** Opening THE INPUT block **

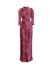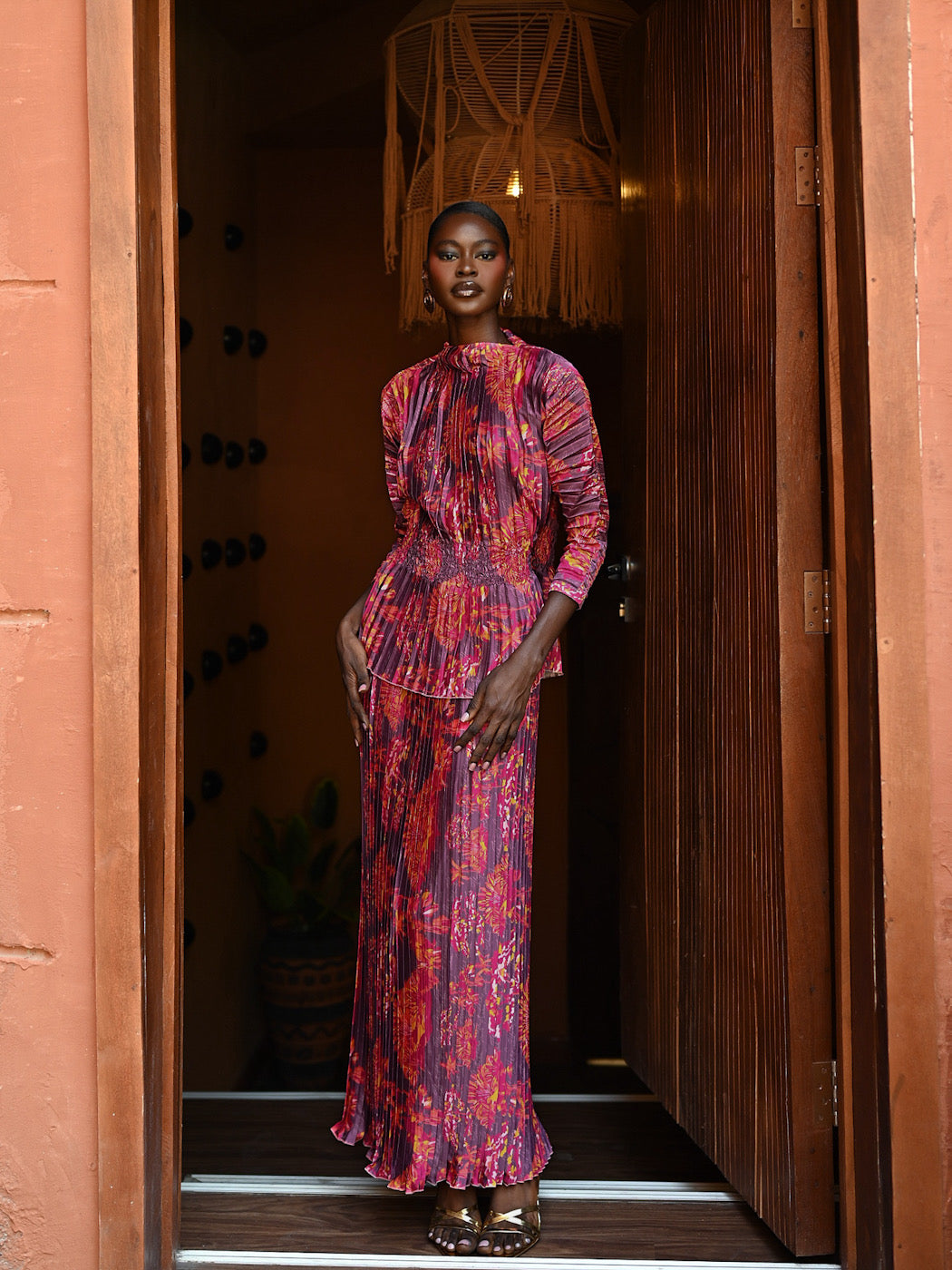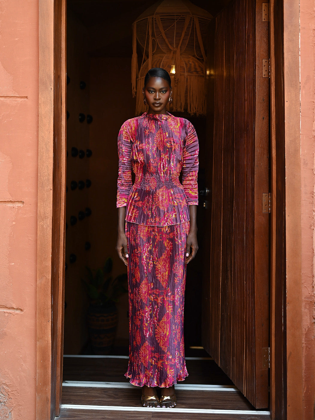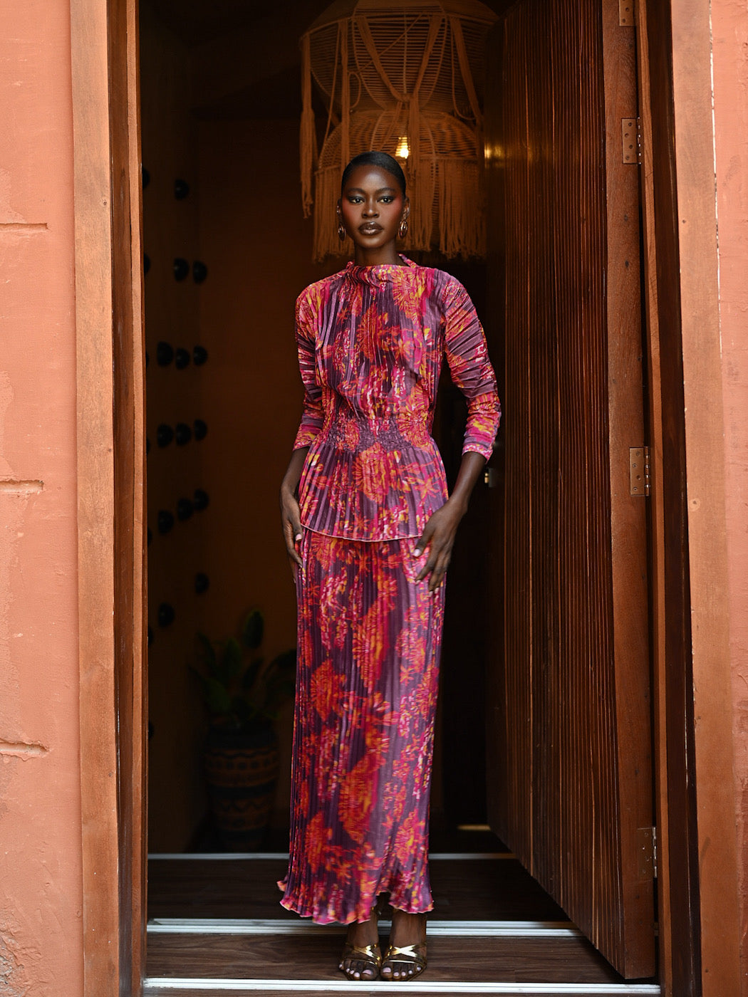 The AMA Ensemble requires minimal styling, as the print and texture provide all the drama needed. Pair it with metallic gold heels (as shown) and delicate earrings. Perfect for cocktail receptions, milestone celebrations, sophisticated resort wear, or festive gatherings.
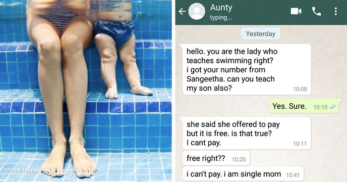The teacher offering free swimming lessons, Reddit user u/pretent_its_witty, refers to the single mom as ‘Aunty.’ This is a common thing to do in India, as a way to show respect to people who are older than you. “She didn’t tell me what her name was, and I was in office, so I just saved it in a hurry,” she explained. “Usually, I’d save it as Aunty X or Uncle Y. This is not some common customer. I was going to see her kid at least twice a week at the swimming pool (when I agreed in the beginning). And I need to save the number of guardians of kids I am teaching.”
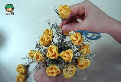17.加上一些情人草做伴,在花瓶上插上纸花
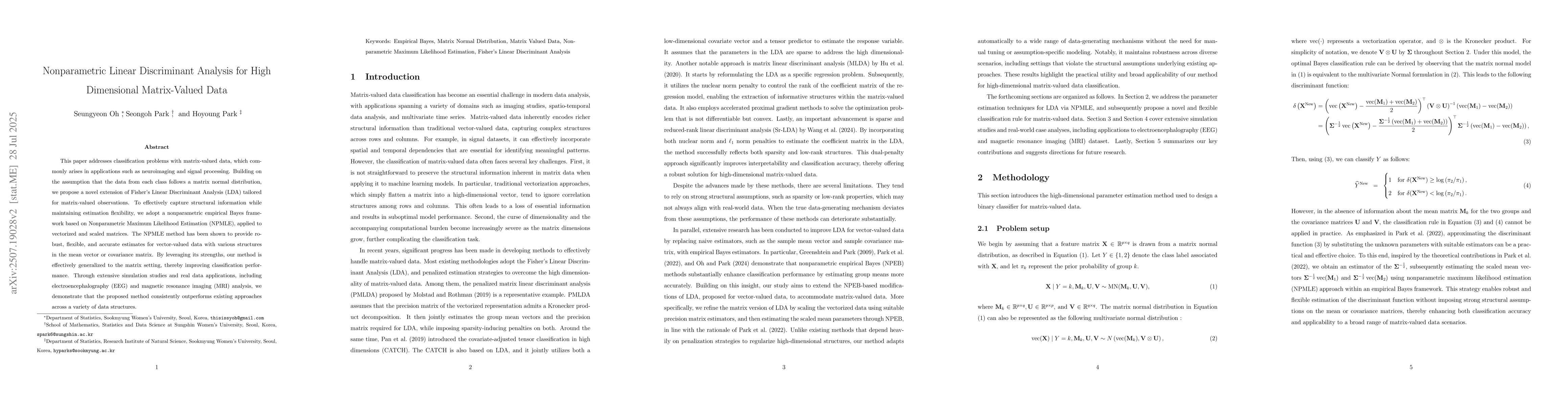 This paper addresses classification problems with matrix-valued data, which commonly arises in applications such as neuroimaging and signal processing. Building on the assumption that the data from each class follows a matrix normal distribution, we propose a novel extension of Fisher's Linear Discriminant Analysis (LDA) tailored for matrix-valued observations. To effectively capture structural information while maintaining estimation flexibility, we adopt a nonparametric empirical Bayes framework based on Nonparametric Maximum Likelihood Estimation (NPMLE), applied to vectorized and scaled matrices. The NPMLE method has been shown to provide robust, flexible, and accurate estimates for vector-valued data with various structures in the mean vector or covariance matrix. By leveraging its strengths, our method is effectively generalized to the matrix setting, thereby improving classification performance. Through extensive simulation studies and real data applications, including electroencephalography (EEG) and magnetic resonance imaging (MRI) analysis, we demonstrate that the proposed method consistently outperforms existing approaches across a variety of data structures.
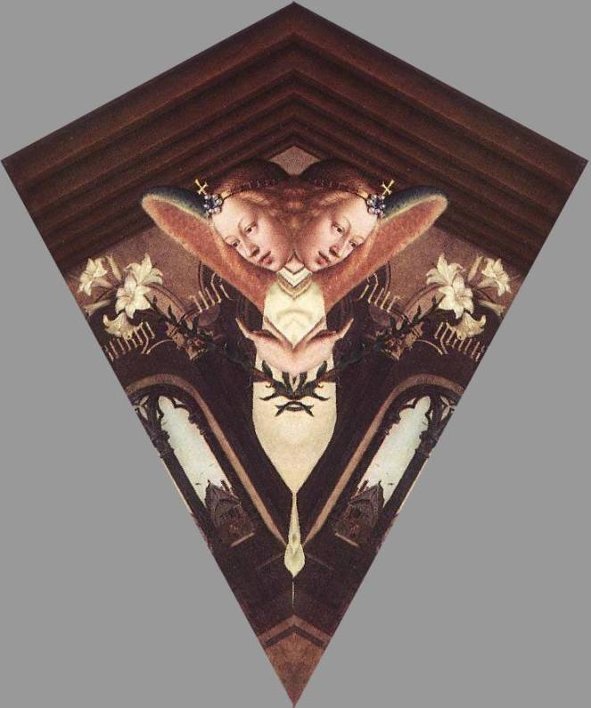 Man kann die Aussagen dazu auch anders interpretieren. Iris ist die Regenbogenhaut im Auge (schau genauer hin). Blau symbolisch weist auf etwas weibliches hin. Beide Blumen stehen auf selber Höhe ausserhalb dieses Kuppelbaues. Lilie sagte ich schon, weisst auf etwas königliches hin. Kann damit bedeuten, das es sich um etwas königliches handelt, für einen zukünftige/n König/in (Blüten geschlossen)

** Closing THE INPUT block **

» **TASK INSTRUCTIONS**: Go to the line above that has "The teacher offering" and copy exactly from there down to the line that has "17.加上一些情人草做伴,在花瓶上插上纸花", both included. Leave the pictures out.

» **WRITTEN RESPONSE**:
The teacher offering free swimming lessons, Reddit user u/pretent_its_witty, refers to the single mom as ‘Aunty.’ This is a common thing to do in India, as a way to show respect to people who are older than you. “She didn’t tell me what her name was, and I was in office, so I just saved it in a hurry,” she explained. “Usually, I’d save it as Aunty X or Uncle Y. This is not some common customer. I was going to see her kid at least twice a week at the swimming pool (when I agreed in the beginning). And I need to save the number of guardians of kids I am teaching.”
17.加上一些情人草做伴,在花瓶上插上纸花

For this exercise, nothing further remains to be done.